The input —
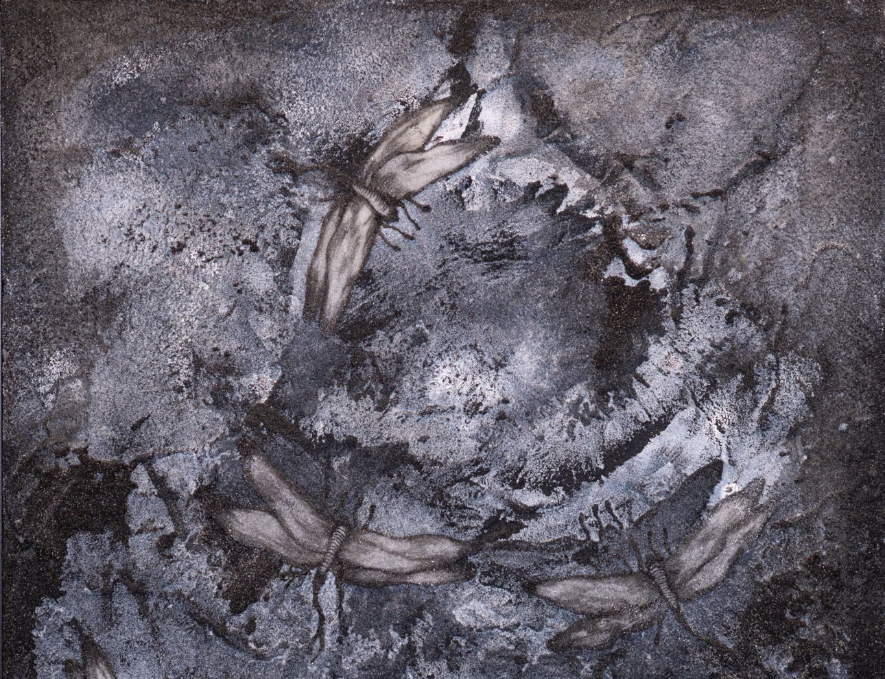 Bu sergi özelinde ise camın eritilmeden kullanım olanaklarını, akrilik, kağıt, toprak,kömür, toz boya ve bitkiler gibi ara malzeme yüzeylerinde denedim. Cam parçacıklarının ışığı taşıyışı, akrilikle ve diğer malzemelerle karıştığında oluşan yarı şeffaf macun, istediğim katmanları, yüzeyleri oluşturmamı sağladı.
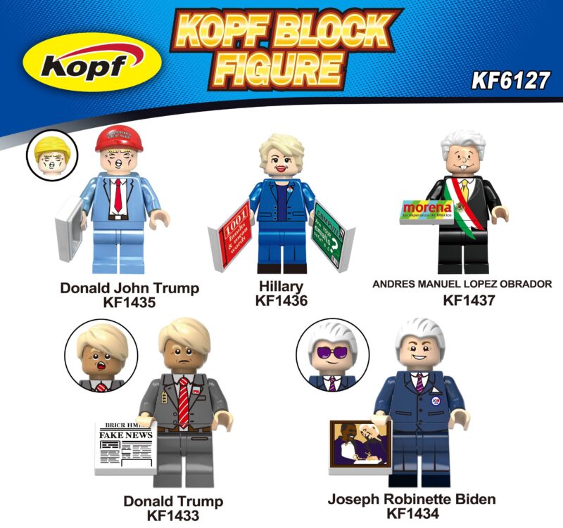 Bộ đồ chơi Minifigure Donald Trump Kopf bao gồm 5 minifigure chính trị gia nổi tiếng: Donald John Trump, Hillary, Andres Manuel Lopez Obrador, một phiên bản khác của Donald Trump và Joseph Robinette Biden. Mỗi nhân vật đều có phụ kiện đặc trưng đi kèm.
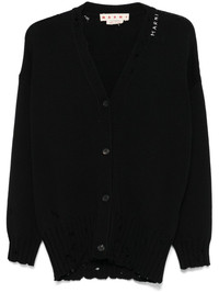 distressed cardigan Highlights - Black - Cotton - Knitted construction - Distressed finish - Front button fastening - V-neck - Embroidered logo to the front - Long sleeves - Ribbed cuffs and hem Made in Italy Composition Cotton 100% SIZE & FIT Model measurements Height 5 ft 10 in(1.78 m) Bust/Chest 33.85 in(86 cm) Hips 36.61 in(93 cm) Waist 26.77 in(68 cm) FittingInformation Designed to be unstructured, offering a loose fit throughout Made with a midweight knit, this piece offers some stretch
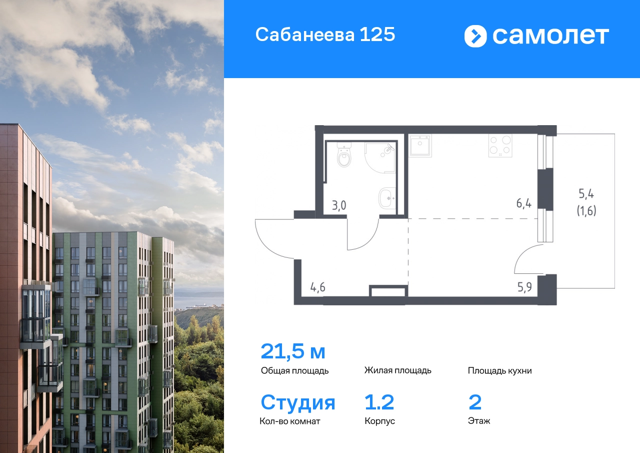 Строим кварталы для жизни с заботой о будущем. Предлагается квартира студия комфорт-класса 21,5 кв.м в корпусе 1.2 на 2 этаже, в ЖК «Сабанеева 125» Квартира без отделки. Доступность опции «отделка» и возможность комплектации мебелью и декором уточняйте у застройщика. Приобрести квартиру возможно по специальным акциям от застройщика, с текущими условиями акций можно ознакомиться в блоке «Акций». Цена динамическая и может отличаться, уточняйте актуальность у застройщика. В жилом комплексе «Сабанеева 125» вы ежедневно будете наслаждаться видами сопок. Холмистый рельеф защищает территорию от ветра. Комплекс расположен в Первореченском районе Владивостока, всего в 20 минутах на машине до центра города. На первых этажах откроются супермаркеты, кафе и пекарни. Для малышей — детский сад в 2 минутах пешком и школа в 10 минутах. За 6 минут можно доехать до Нагорного парка, а за 15 минут — до набережной Цесаревича с панорамой Золотого моста. Комплекс состоит из 3 монолитных домов высотой 25 этажей с фасадами, дизайн которых вдохновлен птицами Дальнего Востока. Дворы оформлены как сад с дальневосточной флорой, есть смотровые площадки, скалодром, перголы и игровые зоны для детей. Подземный паркинг — трехуровневый. В сквозные подъезды без ступеней и с помещением для колясок удобно заходить. В жилом комплексе «Сабанеева 125» есть квартиры с индивидуальными зелеными террасами, увеличенными окнами и панорамными балконами для чаепитий с видом на сопки и залив.#yan19-2r1810601#О застройщике
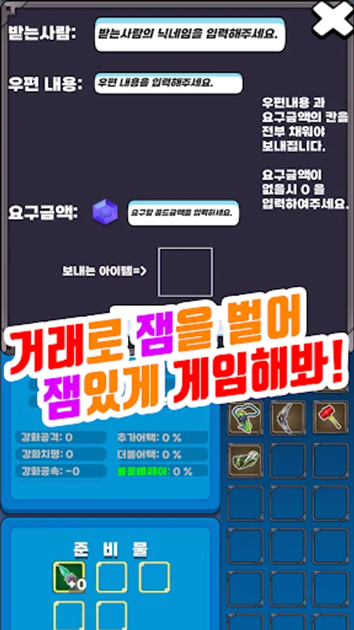 -그렇다면 우편을 통하여 다른 유저와 거래를 진행하세요!
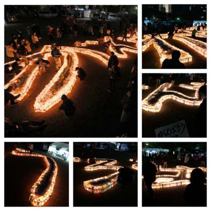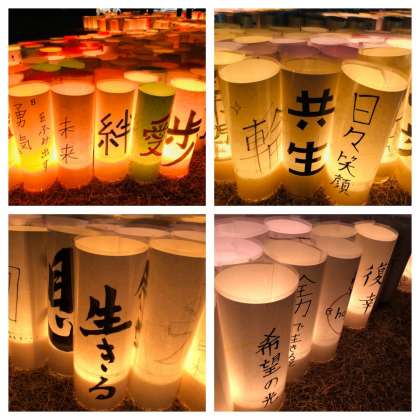 各地で追悼行事が行われ、今年の文字『がんばろう』が灯されました。

What is expected — All lines from the start of the entries above through the line containing "Bộ đồ chơi Minifigure" must be transcribed exactly, both ends included, and no picture may be copied.

Result below —
 Bu sergi özelinde ise camın eritilmeden kullanım olanaklarını, akrilik, kağıt, toprak,kömür, toz boya ve bitkiler gibi ara malzeme yüzeylerinde denedim. Cam parçacıklarının ışığı taşıyışı, akrilikle ve diğer malzemelerle karıştığında oluşan yarı şeffaf macun, istediğim katmanları, yüzeyleri oluşturmamı sağladı.
 Bộ đồ chơi Minifigure Donald Trump Kopf bao gồm 5 minifigure chính trị gia nổi tiếng: Donald John Trump, Hillary, Andres Manuel Lopez Obrador, một phiên bản khác của Donald Trump và Joseph Robinette Biden. Mỗi nhân vật đều có phụ kiện đặc trưng đi kèm.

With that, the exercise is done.